That is to say, massive amounts of liquidity are being injected into the US financial markets to keep it from imploding. This will lead to inflation (”Inflation is always and everywhere a monetary phenomenon,” wrote Milton Friedman and Anna Schwartz) then a recession.

Or not, if, as some believe, M3 is too volatile to worry about.

The “rain cloud” which was the proximate cause of this situation was the home mortgage crisis that began to be exposed in the summer of 2007. People bought homes with borrowed money for which they signed IOU’s (“mortgages”). Those IOUs were aggregated and resold, chopped up, packaged and resold again to firms which borrowed even more on top of them. Unfortunately, since everyone in the chain made money from fees charged for that aggregation, chopping and packaging, they had incentives not to notice that many of the folks underneath it all were signing IOU’s they would not be able to repay. Once they stopped paying their mortgages (i.e., once those “umbrellas” started to be recalled), the system started to collapse on itself. A coordinated effort by the largest central banks in the world injected money into the financial markets to stop a runaway implosion such as that described in the umbrellas example above.

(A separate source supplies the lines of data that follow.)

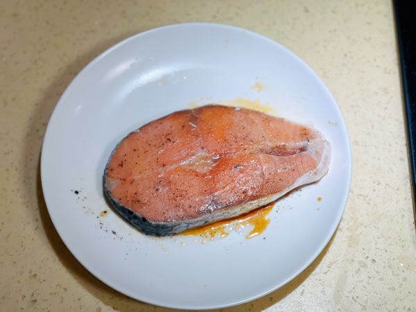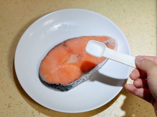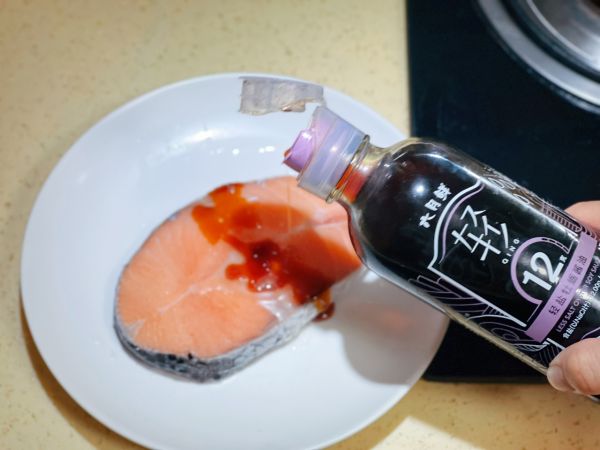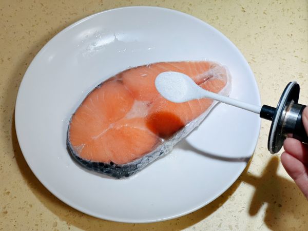 [图]6/16加入黑椒盐,把三文鱼排两边涂抹均匀,腌制15分钟;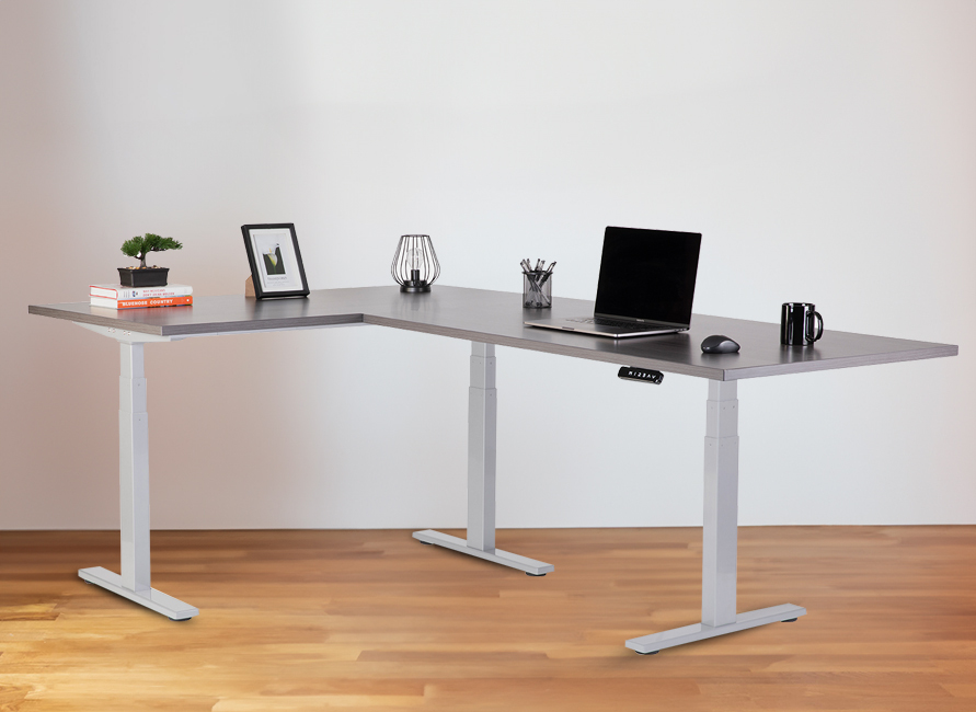 Three-Motor L-Shaped Standing Desk Frame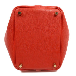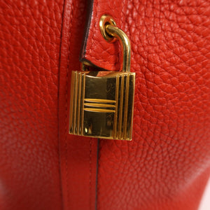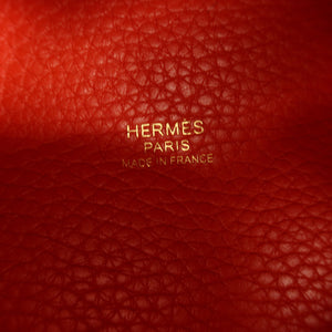 HERMES GHW Picotin PM Tote Bag Clemence Leather Rouge Tomate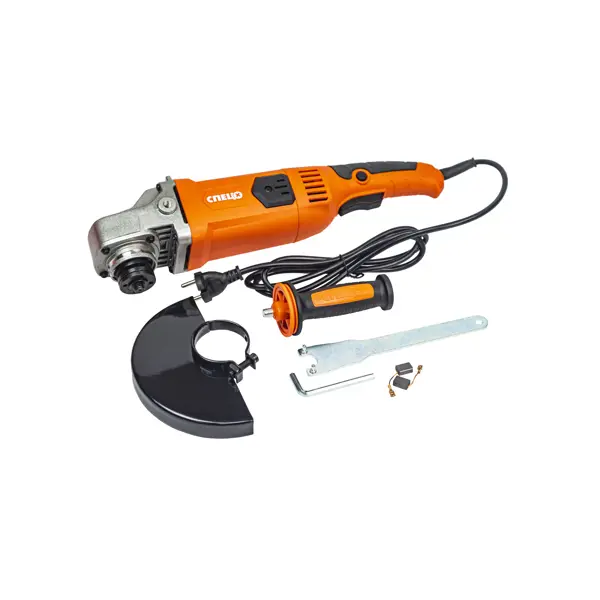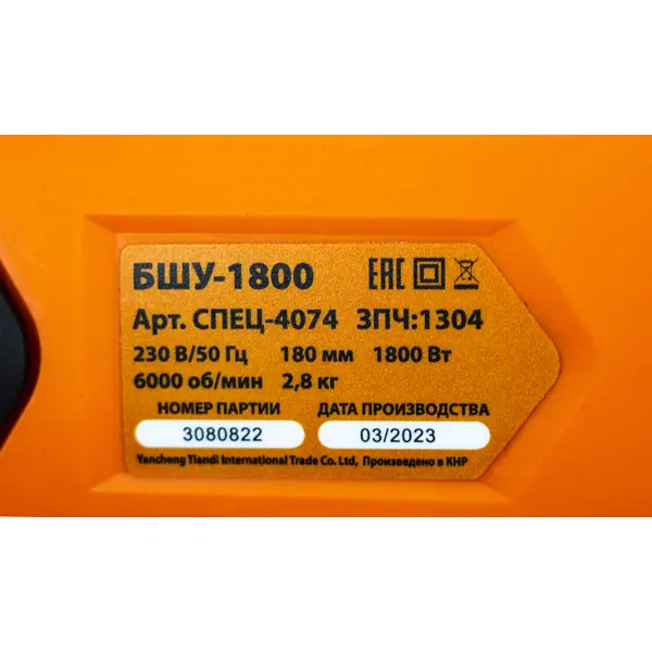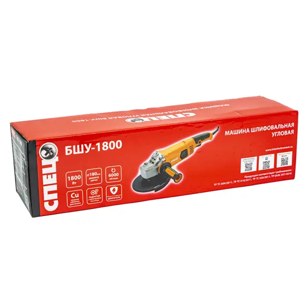 **УШМ (болгарка) Спец БШУ-1800** — угловая шлифовальная машина бытового класса мощностью 1800 Вт. УШМ предназначена для выполнения отрезных и шлифовальных работ по различным материалам. ### Особенности: - Диаметр отрезного круга в 180 мм позволяет производить широкий спектр отрезных работ; - Прорезиненные рукоятки обеспечивают комфорт при работе. - Мощный двигатель с угольными щетками позволяет работать с обдирными дисками при зачистке сварных швов, ошкуривании старой краски с деревянных поверхностей. - Рядом с пусковым курком расположен предохранитель от случайного пуска инструмента. - Смена положения защитного кожуха производится с помощью ключа.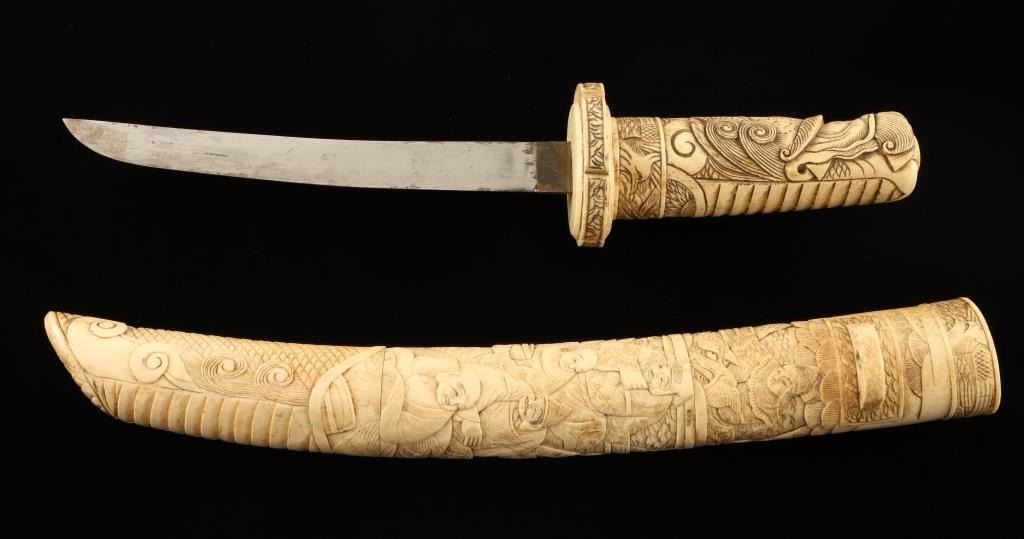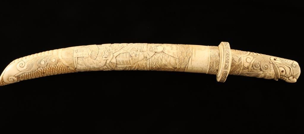 Beautifully carved elephant tusk with village scene on scabbard and dragon's head on handle. Measures 18" overall with a 7 3/8" blade which shows some wear.

There are numerous articles out there explaining the mortgage crisis in far greater detail than the above. I present this explanation for three reasons only.

The first is to provide the lay reader with the mental imagery by which to conceive of a systemic collapse.
The second is so that I could point out that the mortgage crisis was the rain cloud that triggered the current crisis, but it may not be the only rain cloud. Lots of storms have more than one rain cloud.
Third, the rain cloud is not the same thing as the underlying situation. It is merely the trigger which has caused an unhealthy underlying situation to manifest. It is important to understand not just the trigger but also that underlying situation: tremendous amounts of systemic leverage are, in the end, a giant confidence game (in the most literal sense), and if that confidence is disrupted the system can implode. What disrupts that confidence may be nothing more than a sudden, broad realization that more leverage has accumulated than has been generally understood, perhaps by accumulating in such a way that no one recognized it for what it is. I will argue in future posts that this is precisely what unsettled trades in our stock settlement system create.
Again, that third point is key: recognize that the mortgage crisis, while real, is a trigger but not the underlying situation. The dancer is different than the dance.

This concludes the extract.